我蠕動著已經快要達到極限的身體,把床上的遙控器送到了他的手邊,端正的跪在他身前。
顧風一邊看著試卷,一邊隨意的把玩著手中的遙控器。這可就苦了我了,原本都快適應了的身體被忽快忽慢的頻率又吊起了性趣,心中還忐忑著訂正的結果,他卻遲遲不宣讀,只是不斷變化著跳蛋的頻率,甚至連帶了身后的假陰莖也開始有規律的脈沖,可謂是身心的雙重折磨。
不知道什么時候,他的視線從試卷上移了開來,沉默地看著我努力忍耐的模樣。看了一會,顧風站起身,丟下一句“過來”,便徑自出了房門,也沒管我體內兩個東西正各論各的震的歡脫。
我自然是沒發現他的審視的,聽到指令后連忙連滾帶爬地跟上他,一拐進了調教室。
房間的正中放著一條長鞭,嶄新的。他用的最久最順手的那條被落水狗的血臟了,他一向沒有撿垃圾的習慣。這條鞭子是丟了后立刻找老師傅定制的,耗時一個多月,這才送到他手上。在此之前,他去表演都帶的是店里備的公用鞭子。
我自覺的跪在這條鞭子后面,垂著眸,努力跪的端正。
他卻在此時關了遙控,拿起地上的鞭子,總鞭柄挑起我的下巴。“總共15鞭,自己數好了。”顧風的眼眸里仿佛有冰冷的火在燒,驚得我忙不迭的點頭:“是,主人。”
他抓起我的手腕,固定在一早調好高度的恰好位于頭頂的皮質手銬上。
他已經許久沒有對我
懲罰性的動過鞭子了,自從落水狗事件以后,一直到今天。就算是調教,也用的是馬尾鞭或者皮拍一類的不痛不癢的情趣用品。

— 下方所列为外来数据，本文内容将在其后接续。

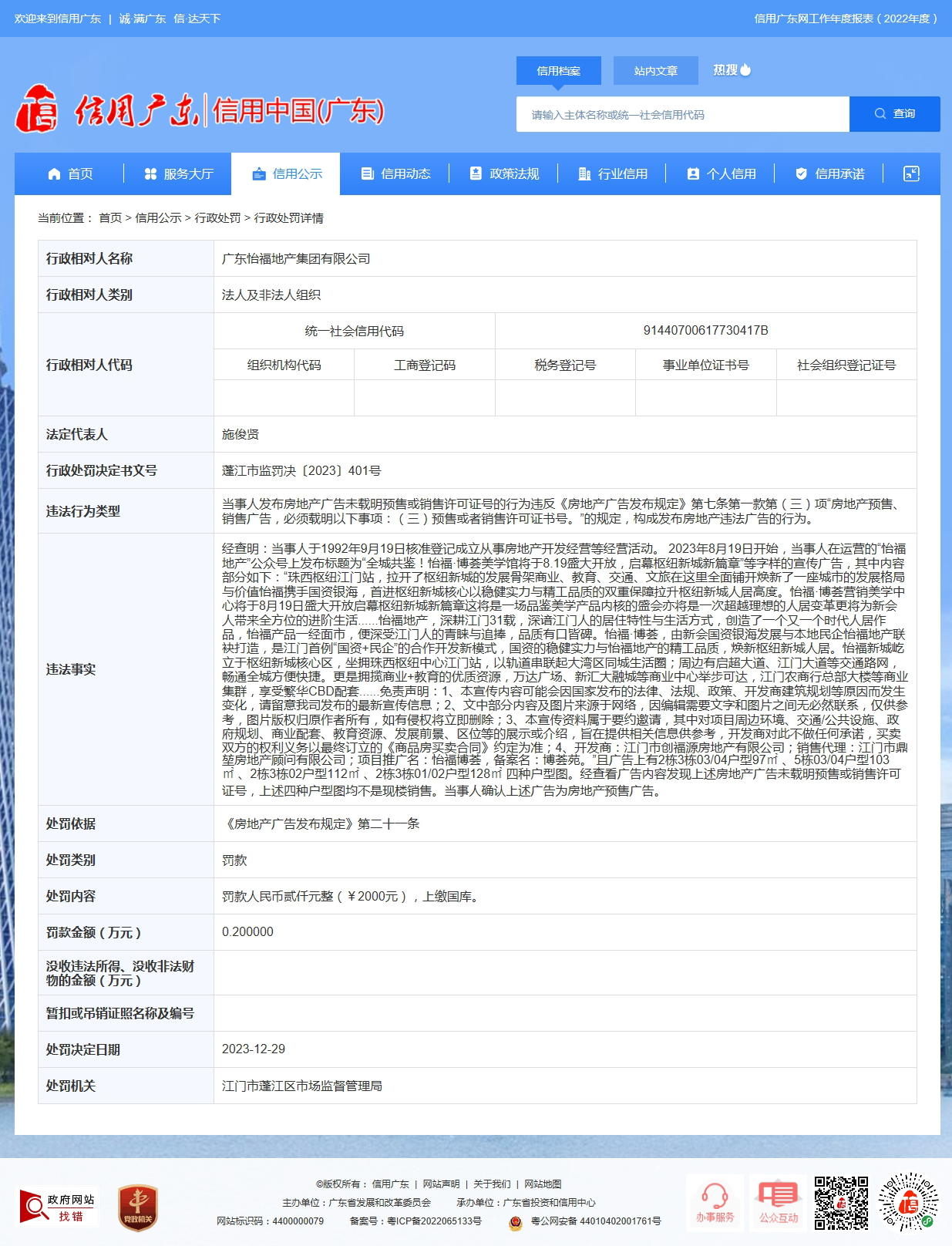廣東省江門市蓬江區市場監督管理局對廣東怡福地產集團有限公司作出行政處罰

我深呼吸努力平復自己的情緒,隨時準備著迎接即將到來的狂風驟雨。
鞭子裹挾著的破空之聲給我帶來了預警,渾身肌肉瞬間緊繃,卻未曾想,這一鞭并未落到我身上,它在我身前不到兩厘米的地板上留下了一道痕跡。
“怕嗎?”顧風的聲音在我耳邊響起。天知道他什么時候繞到的我身旁。
我本能的搖頭,又立刻改口:“怕,主人。”
我聽到他在輕聲笑,聲音里卻沒有一點笑意,冷的讓人感覺如墜冰窟。我就是怕這個啊,主人。
他沒再說話,長鞭又一次揚起,結結實實地落在我的后背上。
“唔,一……”我顫聲報數,把尖叫聲憋在嗓子里,他要求我自己數好了,我便數就是了。
顧風并沒有留給我多少喘息的時間,長鞭快速而精準的落下,如同畫家正精確的描繪著他的畫作。
我口中的數字很快達到了五。他停下手,開口問我:“知道我為什么罰你嗎?”
“小貓不夠信任主人。”我低著頭,不敢和他對視。
“嗯。”他手中的長鞭點了點地板,認可了我的說法,隨后再次揚起,接連五鞭抽在我身前。
懲罰意味的鞭子本不含一點挑逗的成分。他精準地避開了我的每一處敏感點,只是避不開因為痛感而產生的快感。
這五鞭放緩了速度,斑駁交錯著,卻配合著身后的鞭痕一跳一跳的痛的更加激烈。十鞭下來,我的臉上已經飛快爬上了一片紅暈。
我聽到顧風輕笑了一聲,長鞭輕點:“還有,是罰你不信任自己。”
長鞭再次抽到我的身上時卻換了風格。連著胸前兩粒紅豆掃過,一條紅痕別有用心的橫在中間,惹得我一陣顫抖,險些報不清數:“唔啊……十一……”痛苦的呻吟好憋,快感的喘息就沒那么容易隱瞞了。
長鞭緩慢而輕佻地掃過我身上各處敏感點,五鞭下來,我幾乎只能顧著喘息,身體難耐的扭動著,只能靠手腕上的鐵鏈支撐起身體的絕大多數重量。他的鞭子能把人帶下地獄,也能帶上天堂,此話屬實不虛。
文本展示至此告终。